On Bloom Filters
I’ve got to admit that I don’t come from a hard core CS background (and I’m sure it shows in some of my articles on more complicated topics :P ), but I know a little bit about data structures and algorithms. While I’m no expert on the topic of data structures, I was surprised that – up until now – I had never even heard of Bloom filters.
What are Bloom filters?
Let’s say you have a set of millions of records in a database. Running a query over such a database can be quite time consuming. It would be great if we a cheap way to determine if a given record is likely to be within the database without necessarily performing a query. Bloom filters to the rescue!
Rather than executing a complex database query, we can ask our Bloom filter whether or not a certain record exists. It will then respond with either a definitive “no” (i.e. the record is definitely not in the database) or a “maybe”. In the event our Bloom filter says “maybe”, we must (unfortunately) query the database to determine whether or not the record really exists.

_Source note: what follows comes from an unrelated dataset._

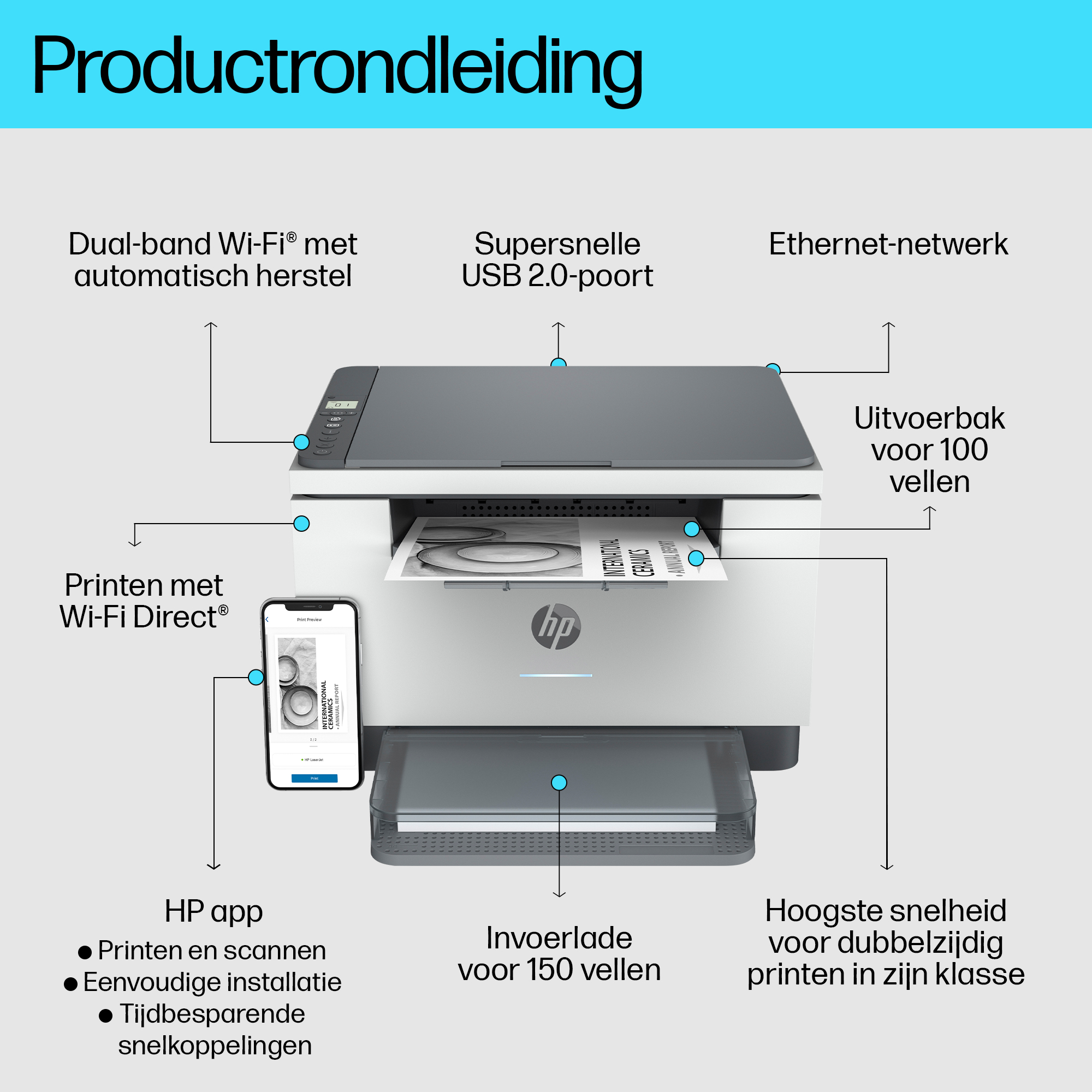 | Totale invoercapaciteit | 150 vel |

While this may sound like double the workload for our poor application, querying the Bloom filter is likely to be very fast. The goal of the Bloom filter here is to reduce the number of times we actually hit the database, a way to determine the probability a given input exists in our data set. Bloom filters are also small in terms of memory usage, requiring nothing more than a simple bitfield.
A quick overview
Bloom filters primarily consist of a bitfield of size m and one or more (call it k) hash functions. The classic Bloom filter provides two main operations:
- add, which is used to add new records to the Bloom filter; and
- query, which is used to determine whether a record is likely to be found in the data set.
Starting out with a zero-value bitfield, each time we call add our hash functions are each called on the input record in turn to produce a set of k indices (one for each hash function). For each one of these indices, we set the corresponding bit in the bitfield.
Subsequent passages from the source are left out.